In Germany, politicians are in the process of removing benefits for migrant workers until they have been in the country for 5 years.

The European Union has preferential single market deals with Switzerland and Liechtenstein. The first is about to introduce new rules so that jobs must be advertised to local people before non-domestic residents and the second has a firm cap on annual migration numbers.

I would urge those who say we must give up on single market access because we need to control migration to keep looking for ways to maximise both objectives and see if there is room for manoeuvre.

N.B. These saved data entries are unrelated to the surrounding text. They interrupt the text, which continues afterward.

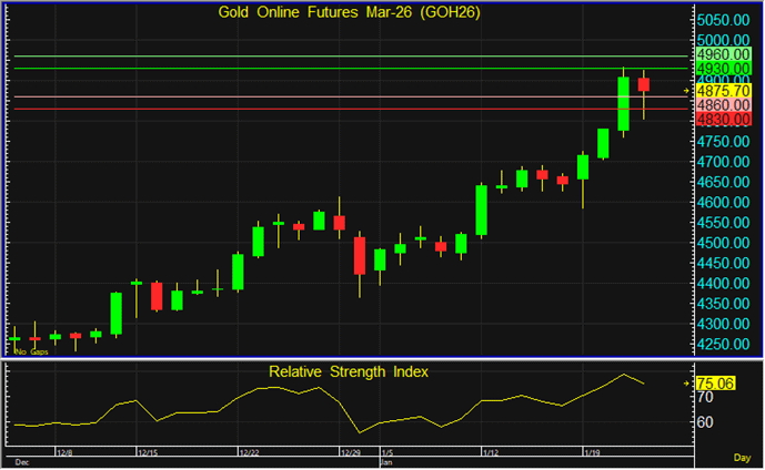 ราคา GOH26 ที่ย่อตัวลงแรงในช่วงเช้า เริ่มฟื้นตัวกลับอีกครั้ง แต่ยังแนะนำรอเปิด Long จากแนวรับที่ระดับ 4,860 ดอลลาร์ โดยมีเป้าหมายทำกำไรที่ระดับ 4,930 ดอลลาร์ และตัดขาดทุนหากราคาหลุดแนวรับที่ระดับ 4,830 ดอลลาร์ลงไป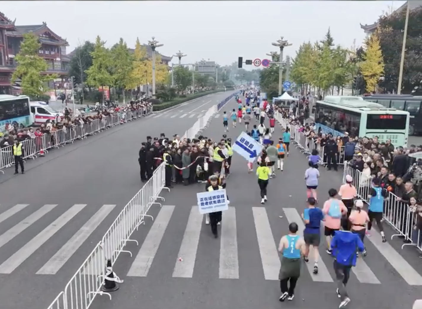 赛事期间,一段跑者与当地市民的互动在网络上引发共鸣。有跑者在视频中表达:“打扰你们了,谢谢理解”,而当地网友的回应同样暖心:“欢迎来眉山”。这种双向的理解与体谅,正是“岛式穿越”交通方案想要实现的理想状态。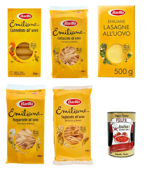 Barilla Pasta all' Uovo Le Emiliane, Egg Pasta, Pasta with Egg 4 x 250 g, 1 x 500 g + Italian Gourmet Polpa 400 g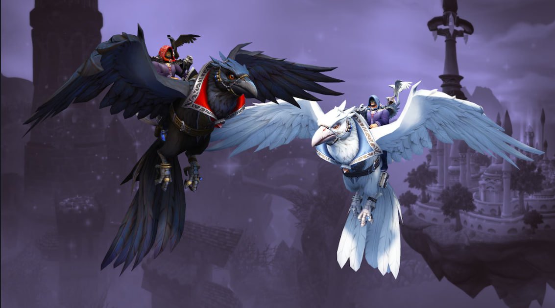Оба ездовых больших ворона будут доступны персонажам в современной версии WoW®, уже привязанным к учетной записи, а также тем, что вы создадите в будущем. Они автоматически адаптируются к навыку верховой езды персонажа. Если навык еще не позволяет пользоваться летающими средствами передвижения, большие вороны будут наземным транспортом.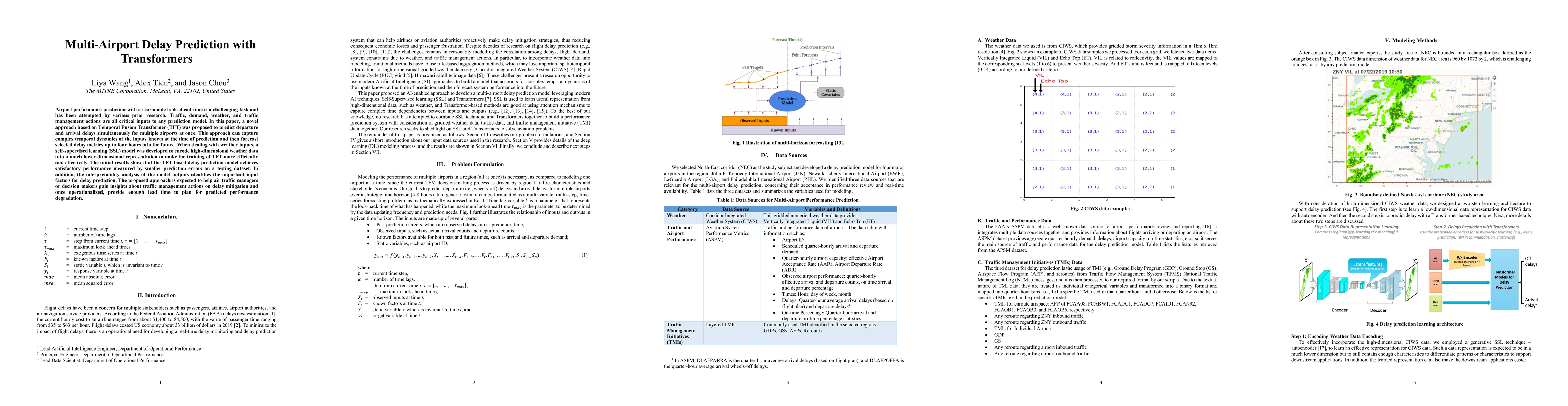 A new approach using Transformers predicts departure and arrival delays for multiple airports simultaneously, achieving satisfactory performance with interpretable results. The model provides valuable insights for air traffic managers to plan for delay mitigation.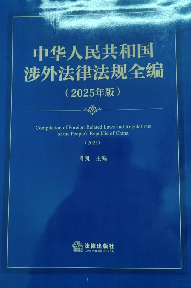 为深入贯彻习近平法治思想,落实统筹推进国内法治和涉外法治要求,服务国家高水平对外开放大局,由我校校长肖凯主编、国际法学院院长杜涛副主编的《中华人民共和国涉外法律法规全编(2025年版)》近日正式出版发行。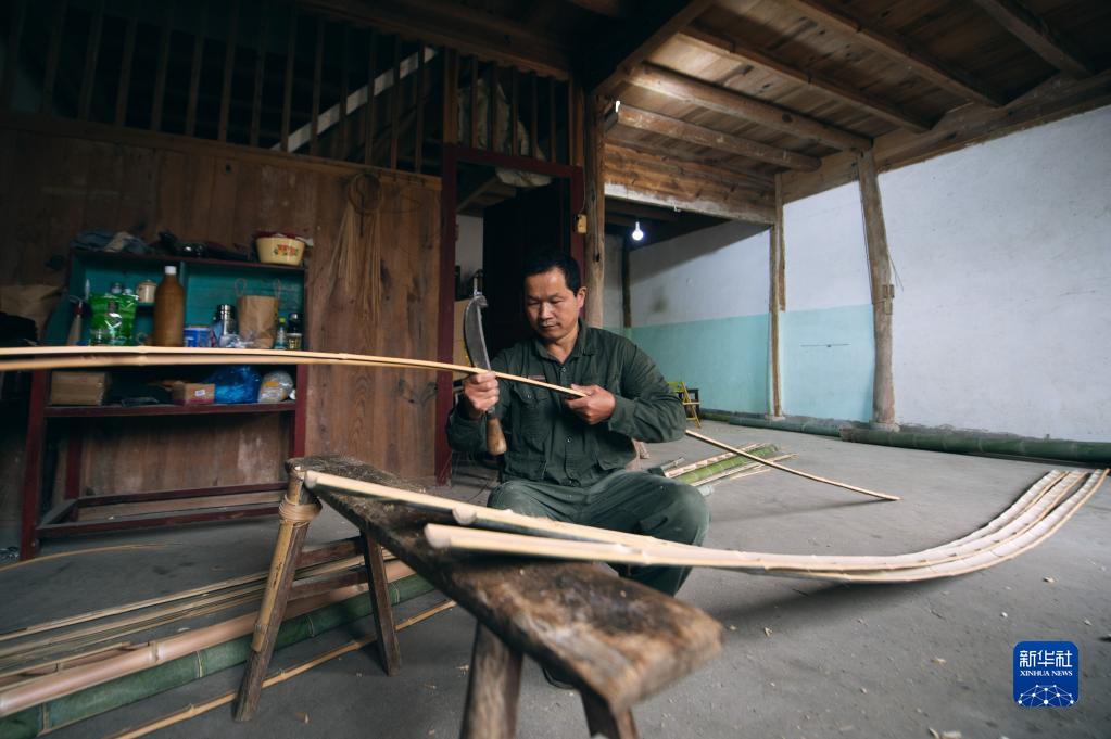 11月2日,在浙江省杭州市临安区锦南街道横岭村,潘云峰用竹刀将竹子削成可供编织的竹篾。

Unfortunately, British politicians are hearing repeated statements from the very top of the Commission and from those nominated as negotiators that the single market means “four freedoms or none,” and offering no room for flexibility for the United Kingdom on free movement, whilst turning a blind eye to the manner in which it’s interpreted in their own back yards. This narrative is impacting all elements of the negotiations and if it continues it risks sending the United Kingdom and European Union into a much more detached long-term relationship than may have been otherwise achievable.

Market Access

On Market Access, let us consider what kind of access to the single market might be optimal. “Market access” is about so much more than just eliminating tariffs.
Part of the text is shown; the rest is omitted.